>>

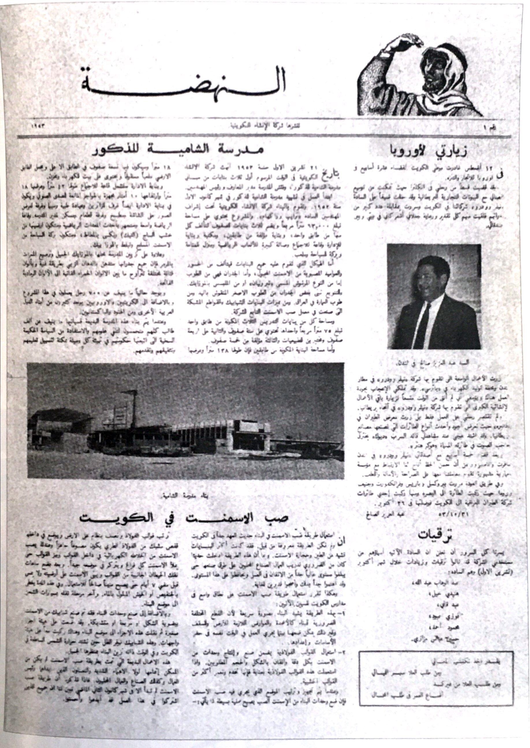 وذكرت المجلة في العدد 38 الصادر في أبريل عام 2012 أنه في عام 1953 أنهت شركة الإنشاء الكويتية أول ثلاث بنايات من مباني مدرسة الشامية للبنين وتلك الشركة كانت وكيلا لشركة إنجليزية كانت تساهم مع أربع غيرها في أعمال البناء والتعمير بالكويت حينذاك من خلال وكلائها الكويتيين.
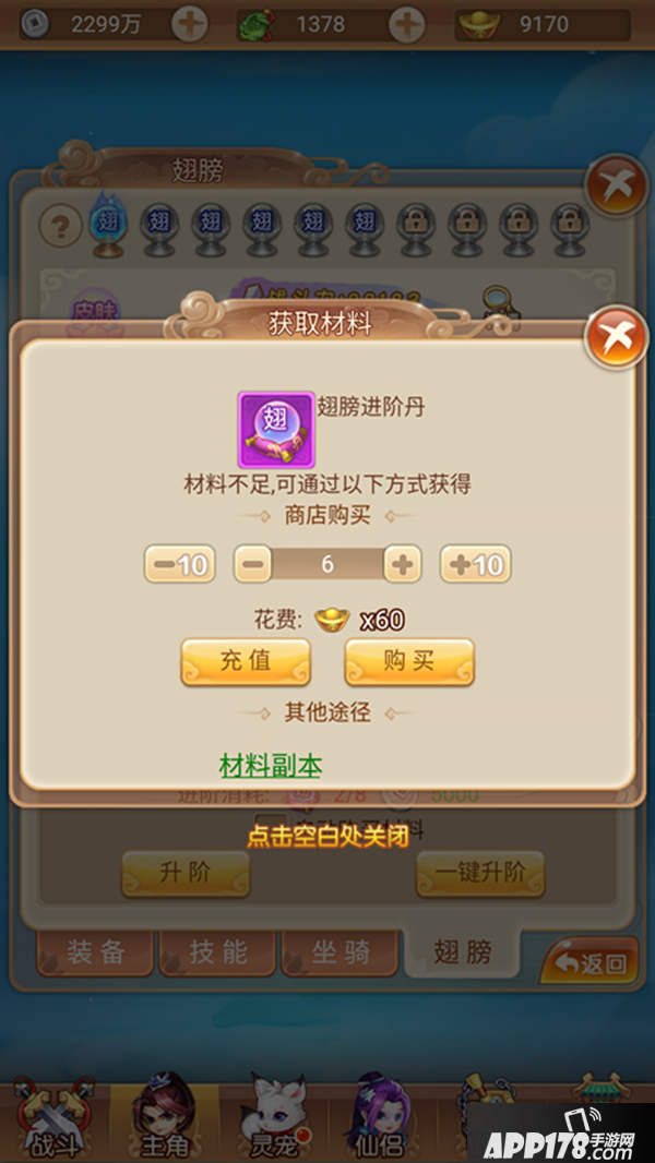 翅膀进阶丹在游戏中有多种途径可以获得,如材料副本、竞技福利商店、灵玉商城、元宝商城、酿酒升级奖励、组队副本等。所以每天的材料副本和组队副本一定要做完,竞技场尽量的争取排名,当距离升阶稍微差一点的时候也可以使用元宝兑换,以应所需。
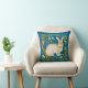 Lanza una almohada en un ilustracion de conejo salvaje, rodeado de ramas de árboles floridas, contra un fondo azul oscuro del denim

<<

Directions: Word-for-word restatement: every line from the one with "翅膀进阶丹在游戏中有多种途径" through the final line of the data, both ends included, pictures excluded.

Task result:
 翅膀进阶丹在游戏中有多种途径可以获得,如材料副本、竞技福利商店、灵玉商城、元宝商城、酿酒升级奖励、组队副本等。所以每天的材料副本和组队副本一定要做完,竞技场尽量的争取排名,当距离升阶稍微差一点的时候也可以使用元宝兑换,以应所需。
 Lanza una almohada en un ilustracion de conejo salvaje, rodeado de ramas de árboles floridas, contra un fondo azul oscuro del denim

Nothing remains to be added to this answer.